- WHAT THE EXERCISE ASKS -
Below are entries; repeat exactly, and nothing else, the lines from the one holding "Håndtaket sentrerer seg" through the one holding "我院李显方教授与杨小礼教授入选中国高被引学者榜单", inclusive. Leave the pictures out.

*** Opening of RECORDS ***

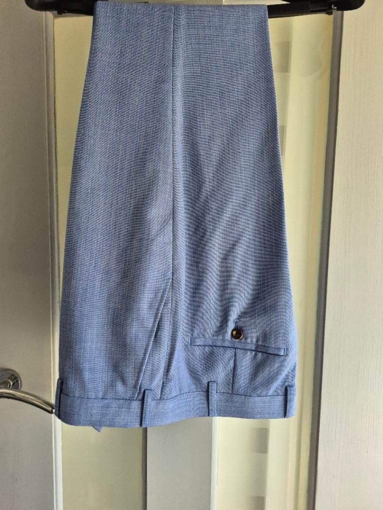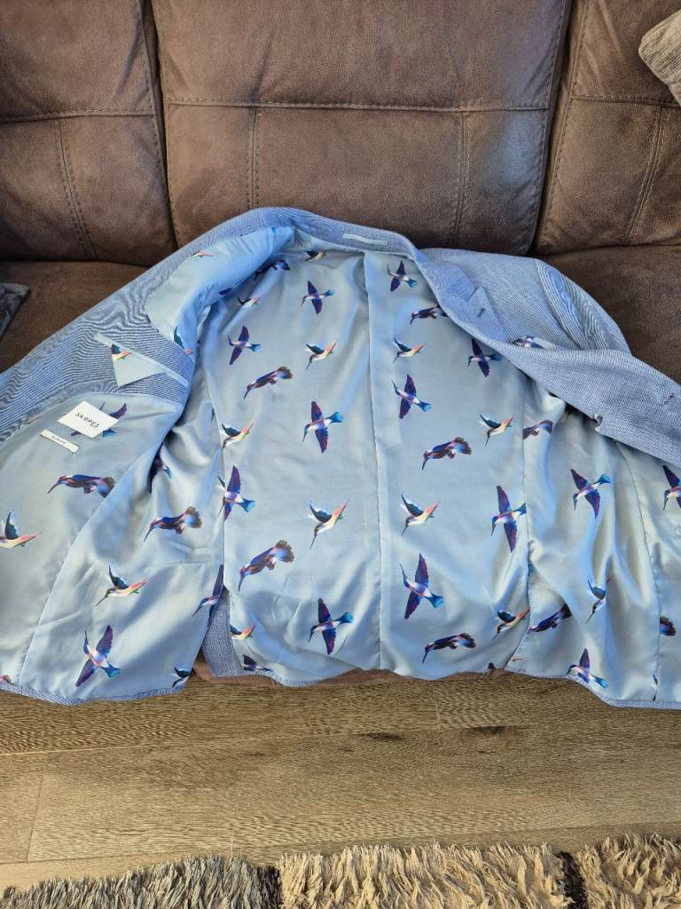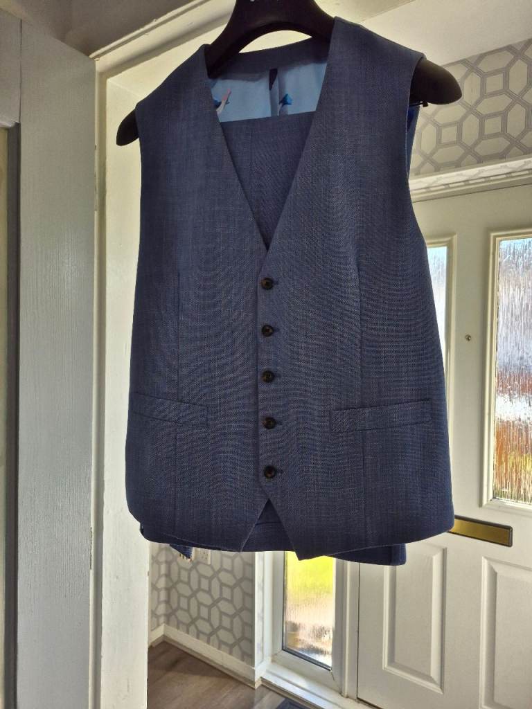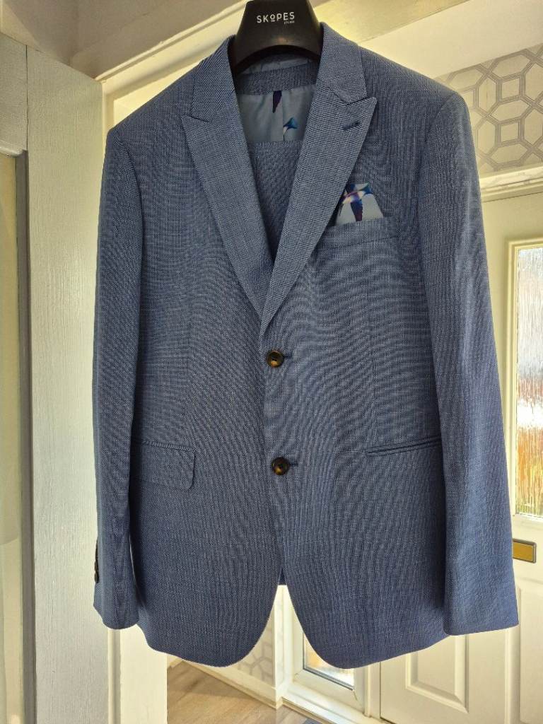 Lovely light blue mans suit , bought from skopes in August, worn once . Jacket is slimfit size 42R, waistcoat is 42R ,trousers are tapered fit 36S . All lined , excellant condition £20 no offers .
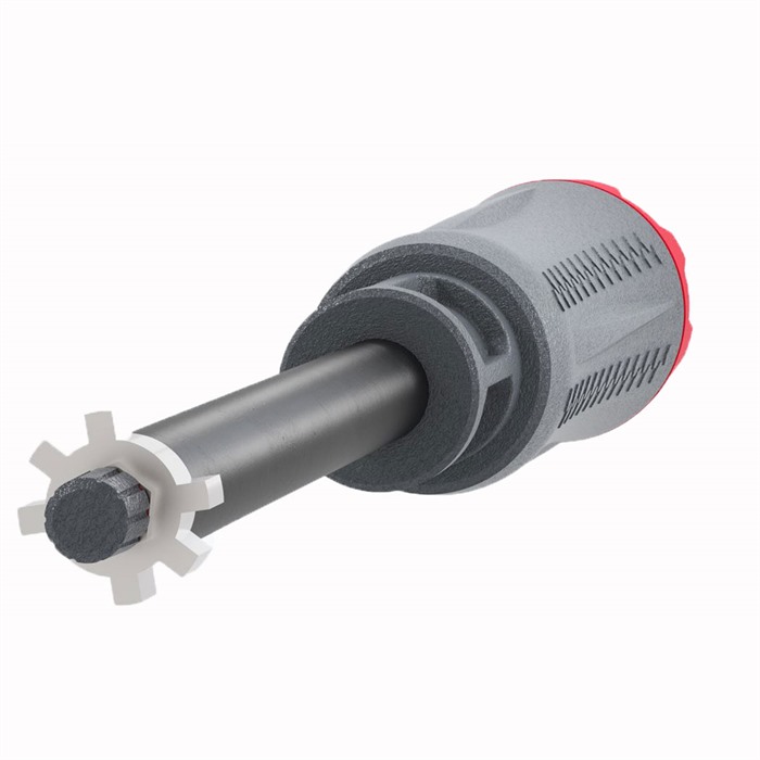 Håndtaket sentrerer seg selv inne i overdelen for å perfekt justere med løpet for hylseforlengerne. Du kan enkelt spinne håndtaket mens du gjør presis kontakt med alle redskapene inne i kammeret.
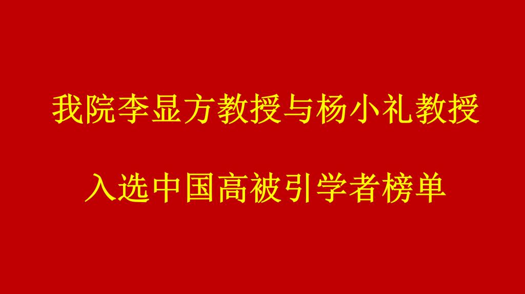 我院李显方教授与杨小礼教授入选中国高被引学者榜单
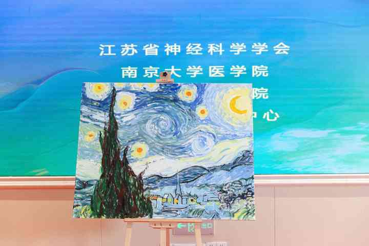 活动的一大亮点,是一场寓意深远的艺术接力创作盛典。参与活动的各方以梵高的经典作品《星空》为灵感源泉,展开了一场多元力量汇聚的艺术协作。前期,来自17av 学生与与17av 附属金陵医院神经内科、神经外科、放射科及康复科组成的帕金森病MDT团队和一线医护人员及携手合作,共同描绘出一幅以《星空》为参照的作品雏形,细腻地勾勒出画面的基本结构,并倾情投入初步的色彩铺陈。尽管他们都是第一次接触油画艺术,没有任何绘画基础,却毫不拘泥于自身的局限,尽全力挖掘并释放出潜能。这不仅彰显了他们在专业领域之外的社会责任感与无私付出,更借助油画艺术这一极具感染力的形式,传达了他们对帕金森病患者深切的关注与关爱之情。
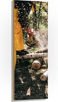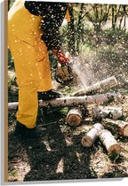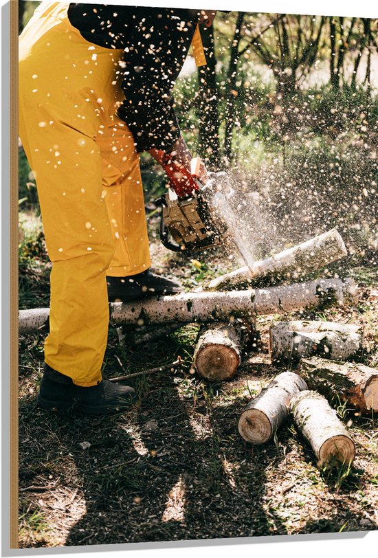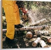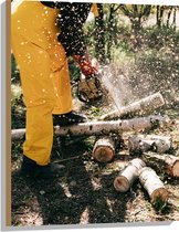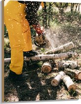 WallClassics - Hout - Houtzager in Actie - 80x120 cm - 12 mm dik - Foto op Hout (Met Ophangsysteem)

*** Close of RECORDS ***

- WRITTEN ANSWER -
 Håndtaket sentrerer seg selv inne i overdelen for å perfekt justere med løpet for hylseforlengerne. Du kan enkelt spinne håndtaket mens du gjør presis kontakt med alle redskapene inne i kammeret.
 我院李显方教授与杨小礼教授入选中国高被引学者榜单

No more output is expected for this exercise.